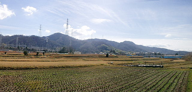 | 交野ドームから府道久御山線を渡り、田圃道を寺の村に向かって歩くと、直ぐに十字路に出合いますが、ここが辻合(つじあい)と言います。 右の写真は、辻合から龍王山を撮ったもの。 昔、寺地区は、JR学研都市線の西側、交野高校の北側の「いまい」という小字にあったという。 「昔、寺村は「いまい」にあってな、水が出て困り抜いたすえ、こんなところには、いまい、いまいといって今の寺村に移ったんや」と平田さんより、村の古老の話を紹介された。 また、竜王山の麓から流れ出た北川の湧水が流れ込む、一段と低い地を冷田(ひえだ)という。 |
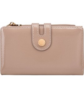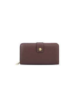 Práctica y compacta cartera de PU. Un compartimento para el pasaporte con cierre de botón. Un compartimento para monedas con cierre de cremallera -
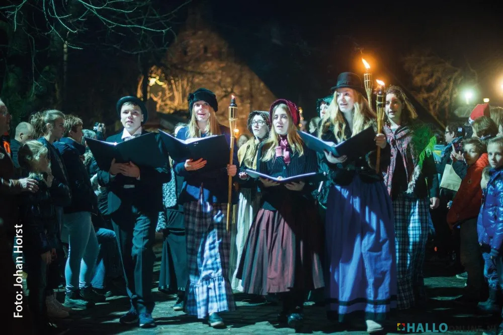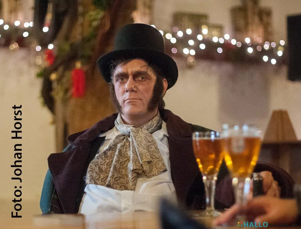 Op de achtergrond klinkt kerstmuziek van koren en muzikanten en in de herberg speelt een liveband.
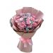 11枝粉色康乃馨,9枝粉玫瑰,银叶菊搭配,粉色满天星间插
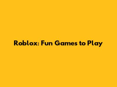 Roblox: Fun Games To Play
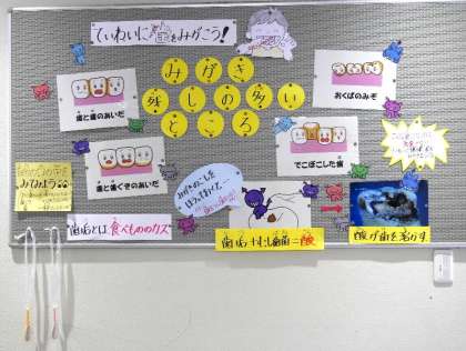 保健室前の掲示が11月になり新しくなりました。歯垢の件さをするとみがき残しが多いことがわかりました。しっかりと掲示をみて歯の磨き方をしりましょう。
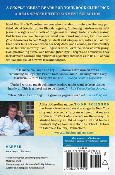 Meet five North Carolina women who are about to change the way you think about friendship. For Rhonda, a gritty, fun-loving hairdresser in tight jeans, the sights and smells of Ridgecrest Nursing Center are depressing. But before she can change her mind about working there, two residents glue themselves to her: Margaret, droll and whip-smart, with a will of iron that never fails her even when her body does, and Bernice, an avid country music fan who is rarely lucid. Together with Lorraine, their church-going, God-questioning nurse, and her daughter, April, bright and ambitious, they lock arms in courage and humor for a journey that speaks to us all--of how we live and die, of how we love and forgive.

____

Goal of the exercise —
From top to bottom, restate the records above exactly and omit every picture.

Response to the exercise —
 | 交野ドームから府道久御山線を渡り、田圃道を寺の村に向かって歩くと、直ぐに十字路に出合いますが、ここが辻合(つじあい)と言います。 右の写真は、辻合から龍王山を撮ったもの。 昔、寺地区は、JR学研都市線の西側、交野高校の北側の「いまい」という小字にあったという。 「昔、寺村は「いまい」にあってな、水が出て困り抜いたすえ、こんなところには、いまい、いまいといって今の寺村に移ったんや」と平田さんより、村の古老の話を紹介された。 また、竜王山の麓から流れ出た北川の湧水が流れ込む、一段と低い地を冷田(ひえだ)という。 |
 Práctica y compacta cartera de PU. Un compartimento para el pasaporte con cierre de botón. Un compartimento para monedas con cierre de cremallera -
 Op de achtergrond klinkt kerstmuziek van koren en muzikanten en in de herberg speelt een liveband.
 11枝粉色康乃馨,9枝粉玫瑰,银叶菊搭配,粉色满天星间插
 Roblox: Fun Games To Play
 保健室前の掲示が11月になり新しくなりました。歯垢の件さをするとみがき残しが多いことがわかりました。しっかりと掲示をみて歯の磨き方をしりましょう。
 Meet five North Carolina women who are about to change the way you think about friendship. For Rhonda, a gritty, fun-loving hairdresser in tight jeans, the sights and smells of Ridgecrest Nursing Center are depressing. But before she can change her mind about working there, two residents glue themselves to her: Margaret, droll and whip-smart, with a will of iron that never fails her even when her body does, and Bernice, an avid country music fan who is rarely lucid. Together with Lorraine, their church-going, God-questioning nurse, and her daughter, April, bright and ambitious, they lock arms in courage and humor for a journey that speaks to us all--of how we live and die, of how we love and forgive.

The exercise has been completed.